In [1]:
from sklearn.model_selection import train_test_split
from sklearn.ensemble import RandomForestRegressor
from sklearn.metrics import mean_squared_error, r2_score
from sklearn.linear_model import LinearRegression
import pandas as pd

In [2]:
df = pd.read_csv('owid_covid_data_us_subset_modified.csv')

In [3]:
features = [
    'total_cases', 'new_cases', 'total_deaths', 'new_deaths', 'total_cases_per_million',
    'total_deaths_per_million', 'icu_patients', 'hosp_patients', 'weekly_hosp_admissions',
    'daily_case_change_rate', 'daily_death_change_rate', 'hospitalization_rate', 'icu_rate',
    'case_fatality_rate'
]
target = 'icu_requirement_num'

# Dropping rows with missing values in selected features and target
data_clean = df.dropna(subset=features + [target])

# Splitting data into training and testing sets
X = data_clean[features]
y = data_clean[target]
X_train, X_test, y_train, y_test = train_test_split(X, y, test_size=0.2, random_state=42)

## Random Forest Regressor

In [4]:
model = RandomForestRegressor(random_state=42, n_estimators=100)
model.fit(X_train, y_train)

# Making predictions
y_pred = model.predict(X_test)

# Evaluating the model
mse = mean_squared_error(y_test, y_pred)
r2 = r2_score(y_test, y_pred)

mse, r2

(np.float64(0.0031309178743961358), 0.9954676790540541)

## Linear Regression

In [5]:
linear_model = LinearRegression()
linear_model.fit(X_train, y_train)

# Make predictions using the Linear Regression model
y_pred_linear = linear_model.predict(X_test)

mse_linear = mean_squared_error(y_test, y_pred_linear)
r2_linear = r2_score(y_test, y_pred_linear)

mse_linear, r2_linear

(np.float64(0.07445555448573032), 0.8922180387108426)

### **Model Performance Analysis**

1. **Random Forest Regressor**:
   - **Mean Squared Error (MSE)**: 0.0031
   - **R² Score**: 0.9861
   - **Performance**: The Random Forest model performed exceptionally well, explaining 98.61% of the variance in ICU requirement predictions. Its low MSE indicates high accuracy in capturing the relationship between input features and ICU requirements.
   - **Strengths**:
     - Handles complex, non-linear relationships effectively.
     - Provides robust predictions due to ensemble averaging.
     - Offers feature importance, enabling insights into key factors influencing ICU requirements.
   - **Limitations**: 
     - May require significant computational resources.
     - Can be less interpretable compared to simpler models.

2. **Linear Regression**:
   - **Mean Squared Error (MSE)**: 0.0368
   - **R² Score**: 0.8369
   - **Performance**: The Linear Regression model performed reasonably well, explaining 83.69% of the variance.

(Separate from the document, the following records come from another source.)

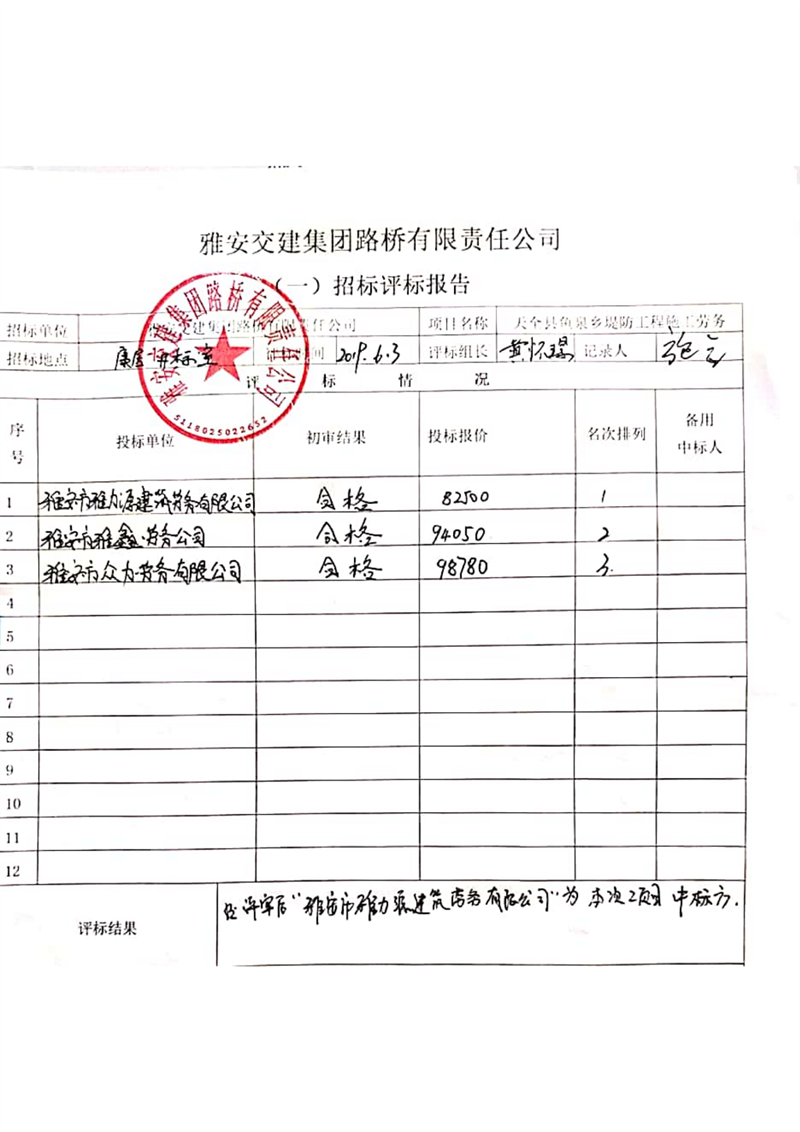 雅安交建集團路橋有限責任公司天全縣魚泉鄉(xiāng)堤防工程施工勞務(wù)項目邀請招標結(jié)果公示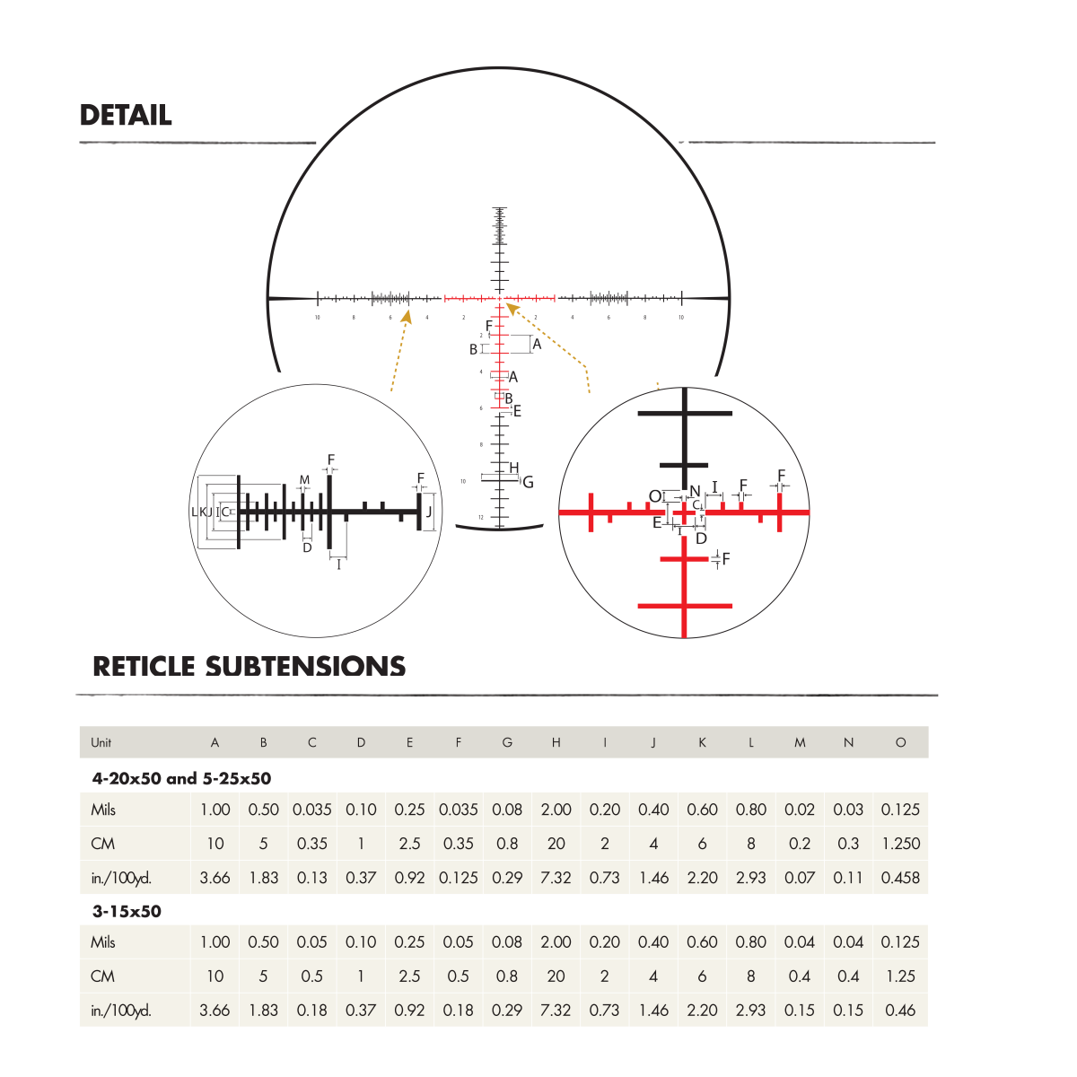 | Reticles: | G2B Mil-Dot™ (201053) SCR™ Mil (201051) SCR™ MOA (201052) SCR™ Mil (201056 (FDE)) SCR™ Mil (201054 (non-Illuminated)) |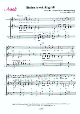 Bröderna Gärdestads fina ballad i ett femstämmigt arr lämpligt för vokalgrupp eller kör. Ett väldigt omtyckt arrangemang.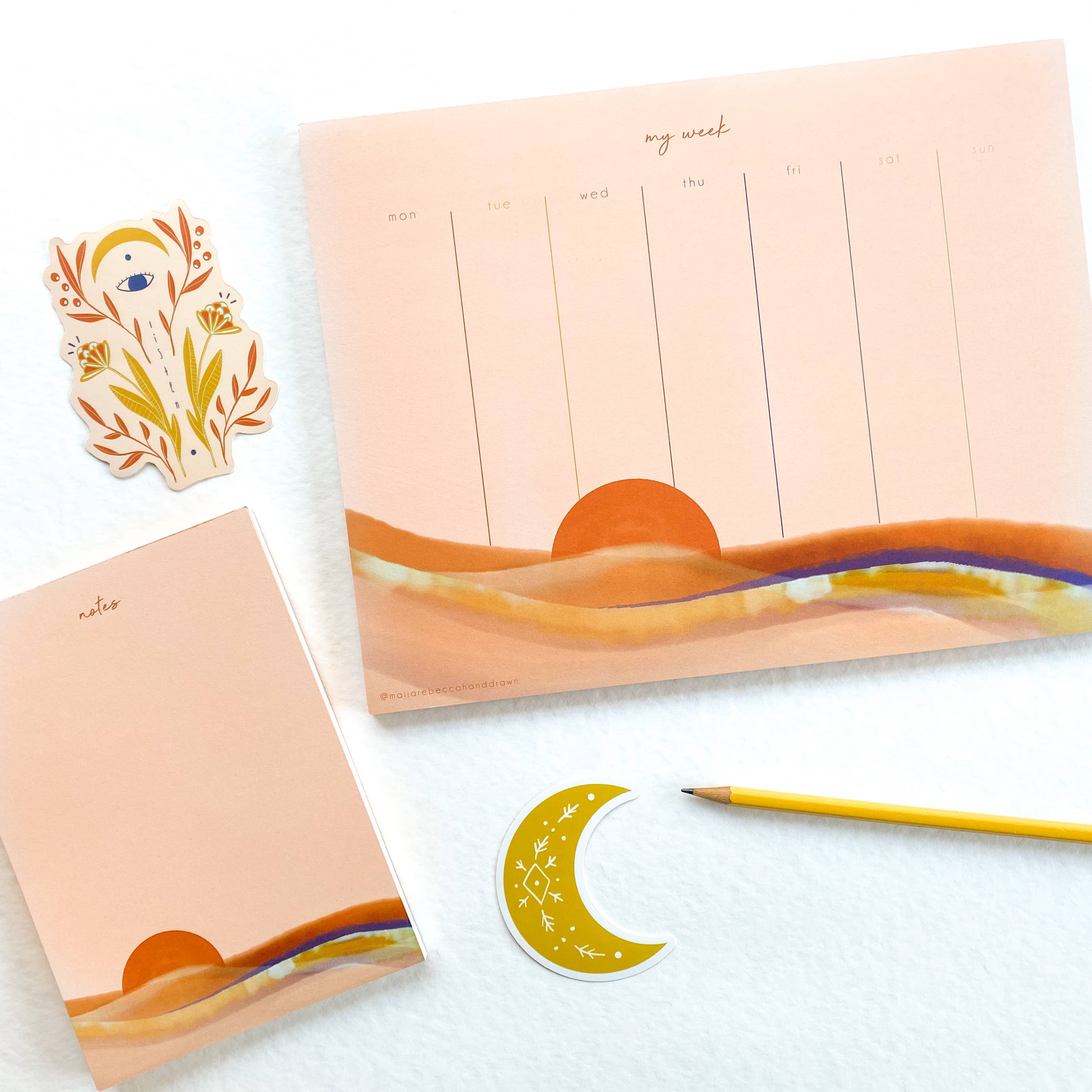 Maija Rebecca Hand Drawn è un'azienda di articoli di cartoleria di proprietà di una donna queer, gestita dall'artista dell'Oregon Maija Kellner-Rode. Traggo la maggior parte della mia ispirazione dalla magia che si trova nella natura, dalla misteriosa connessione che abbiamo con questo universo e tra di noi. La mia speranza è di creare arte che ispiri gli altri a connettersi con se stessi e con gli altri in modo più aperto, onesto e vulnerabile, diffondendo bellezza, amore e un po' di audacia in tutto il mondo. La mia linea comprende biglietti di auguri vivaci e colorati, adesivi, stampe artistiche, blocchi per appunti e agende.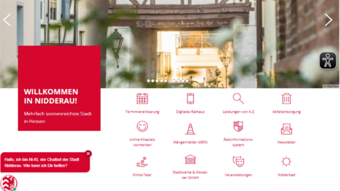 Die Fortschritte der Stadt Nidderau in den Bereichen „Smart City“ und Digitalisierung sind bereits mehrfach bundesweit gelobt worden. Eine kleine, aber entscheidende Neuerung ist hinzugekommen. Auf der Internetseite http://www.nidderau.de steht ab sofort ein Chatbot zur Verfügung. Die virtuelle Assistenz mit dem Namen Ni-KI steht für Nidderau-Künstliche Intelligenz. Sie soll den Bürgerinnen und Bürgern die Suchfunktion auf der Webseite erleichtern. „Ni-KI ist eine gelungene KI-Ergänzung unserer digitalen Präsenz und vereinfacht die Navigation auf der Internetseite der Stadt erheblich“, sagt Bürgermeister Andreas Bär.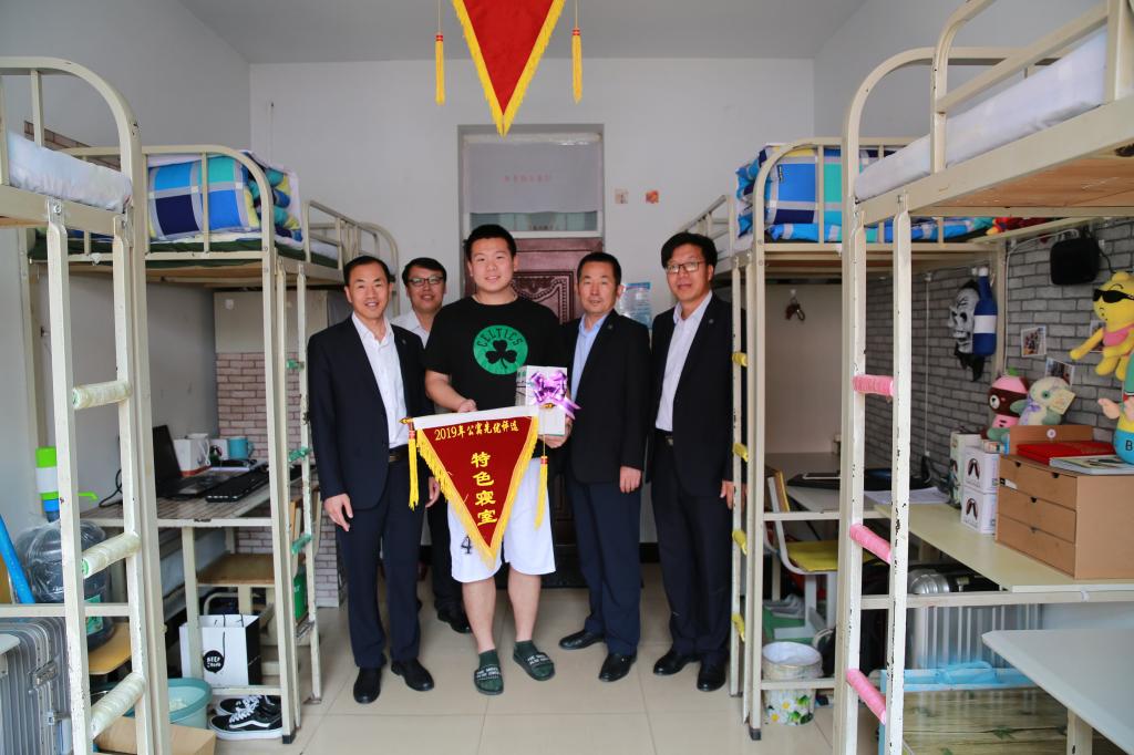 在检查过程中,周家郁书记亲自给以上获奖寝室颁奖,并与获奖寝室学生亲切合影,并对寝室标准化建设提出要求和希望。
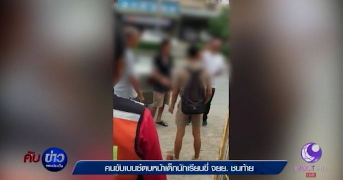 ชายขับเบนซ์ไม่พอใจเด็กนักเรียนขี่มอเตอร์ไซค์ชนท้าย เข้าตบหน้าพร้อมขู่เอาเรื่อง ด้านผู้เห็นเหตุการณ์เผยเบนซ์ไม่เปิดไฟเลี้ยว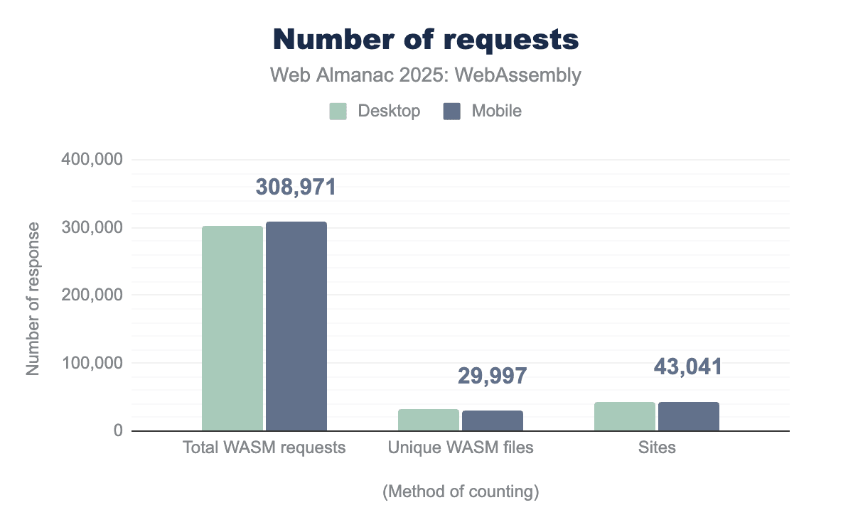 There are over 300,000 wasm requests in our dataset, which come down to 32,197 unique wasm file requests on desktop and 29,997 on mobile. The large number of requests shows many sites are requesting multiple (hundreds in come cases!) WASM files.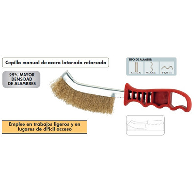 - Cepillo manual de Acero Latonado reforzado con mango de plástico.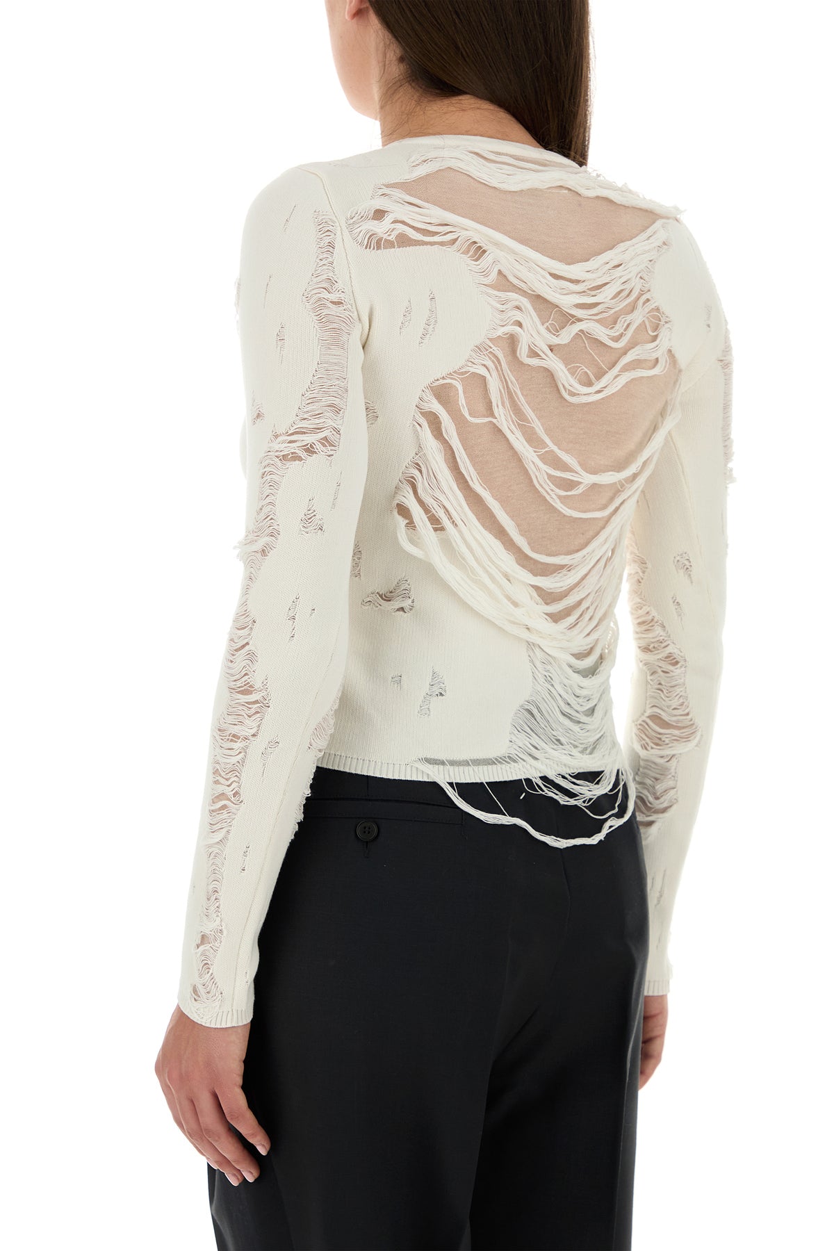 Sweater realized in distressed cotton blend with intentional rips characterized by tonal iconic stitching at the back.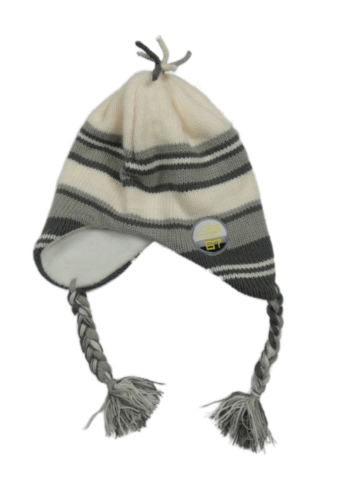 Nové - Smetanovo-šedá pruhovaná pletená podšitá ušanka
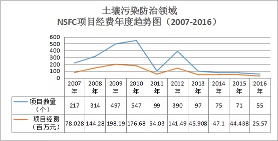通過統(tǒng)計2007-2016十年內我國國家自然科學基金的項目數(shù)據,可知土壤污染防治領域的項目經費在2007-2010年呈穩(wěn)步上升趨勢,2010年申請通過的項目達峰值547個,2011年有所回落,2012年又激增到390個,之后幾年呈現(xiàn)了下降趨勢,2016年僅通過55個項目,經費也隨之下降,如圖9所示。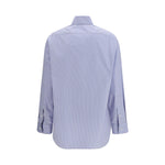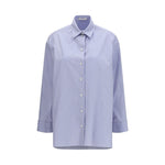 The Sisilia Shirt by The Row is an elegant, minimalist piece made from organic cotton poplin with a subtle stripe pattern. The classic design offers a comfortable fit, with a subtle back yoke and visible front placket finished with mother-of-pearl buttons, adding a refined detail. Perfect for sophisticated and timeless looks, it combines quality materials, comfort, and the brand’s signature understated elegance.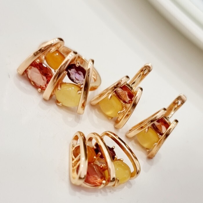 Комплект ювелирной бижутерии коллекция "Дубай" серьги, кулон и кольцо 17 р покрытие позолота, вставка: фианиты, цвет: разноцветный, Уценка, арт.08.2231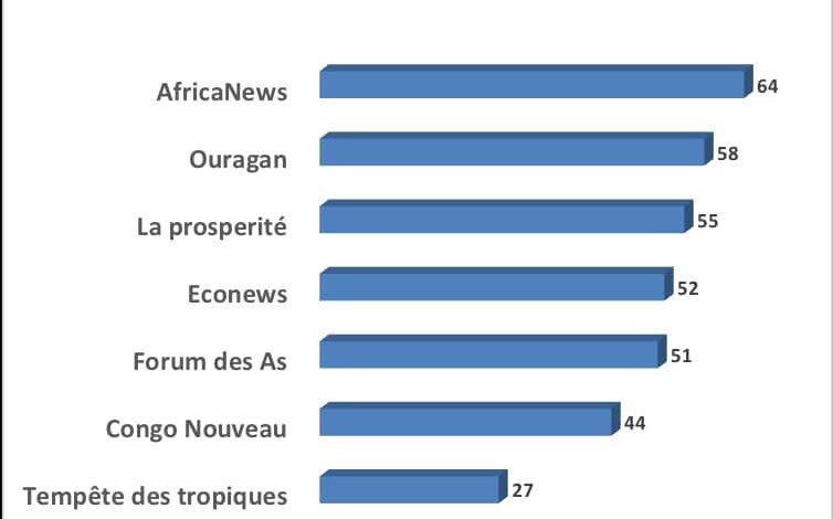Les résultats montrent un net déclin des médias classiques. Bien qu’elle reste le deuxième média le plus consulté -48%-, la radio souffre de la disparition de nombreuses stations. Top Congo FM résiste et domine encore avec 90 % de part d’audience. Classée en troisième position avec 46 %, la télévision conserve un attrait lors de grands événements, notamment sportifs et politiques. La télévision numérique terrestre -TNT- reste le mode d’accès privilégié -73%-, loin devant les chaînes payantes -27 %. En chute libre, avec moins de 0,5 % de journaux encore imprimés, la presse écrite arrive au bas du classement mais paraît n’avoir pas dit son dernier mot.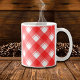 A coffee mug with a retro country red and white striped or plaid pattern.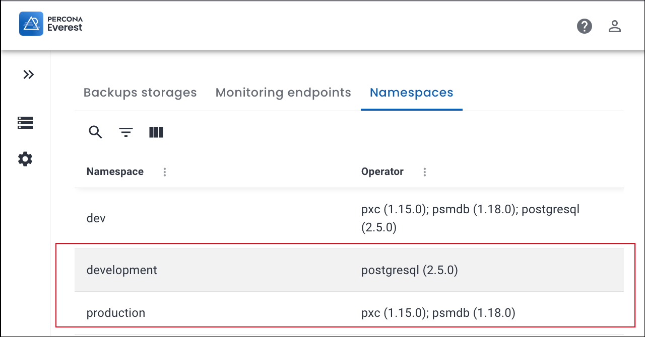 Go to Percona Everest UI and navigate to Settings > Namespaces. A list of all the namespaces that you have created will appear here.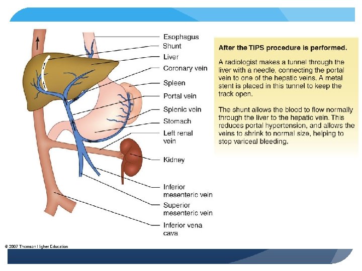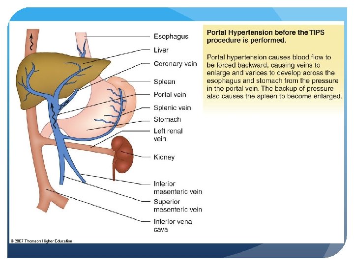 Pathophysiology of the Liver Cirrhosis – etiology Associated with alcoholism Scar tissue forms Conversion of fat to lipoprotein impaired Accumulation of fat in the liver Portal hypertension may develop (death of liver/compromised liver) Esophageal varices- streaks of bleeds in esophageal area Rupture with hemorrhage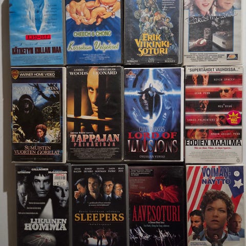 3 muovilaatikollista VHS kasetteja ja kahdessa muovipussissa. Tarjoa hintaa. Löytyy alkuperäinen Robocap ja Tähtiensota elokuvia ym.

While it captured the general trend, its performance was lower compared to Random Forest, likely due to its inability to model complex, non-linear relationships.
   - **Strengths**:
     - Simplicity and interpretability.
     - Computational efficiency.
   - **Limitations**:
     - Struggles with non-linear patterns.
     - Assumes linear relationships between features and the target variable.

---

### **Real-World Applicability**

#### **Random Forest Regressor**:
- **Applicability**: 
  - The high accuracy and ability to model non-linear interactions make it suitable for real-world scenarios like predicting ICU requirements during a pandemic.
  - By identifying important features (e.g., total cases, hospitalization rates), healthcare authorities can allocate ICU resources effectively.
- **Challenges**:
  - Computational cost could be a concern when scaling to larger datasets or real-time predictions.
  - Results need to be validated against diverse and evolving conditions (e.g., new virus variants).

#### **Linear Regression**:
- **Applicability**:
  - Useful for scenarios where interpretability is critical, such as explaining the relationship between a few features and ICU needs.
  - Suitable for quick, approximate estimates in resource-constrained settings.
- **Challenges**:
  - Limited performance in capturing complex interactions.
  - May not provide accurate predictions for nuanced datasets.

---

### **Conclusion**:
- The **Random Forest Regressor** is the preferred model for ICU prediction due to its superior performance and robustness in handling complex data.
- **Linear Regression**, while less accurate, serves as a good baseline model when simplicity and interpretability are prioritized.
- In real-world applications, Random Forest can guide resource allocation, while Linear Regression can support simpler decision-making frameworks. Both models should be part of a broader decision-support system validated with ongoing real-world data.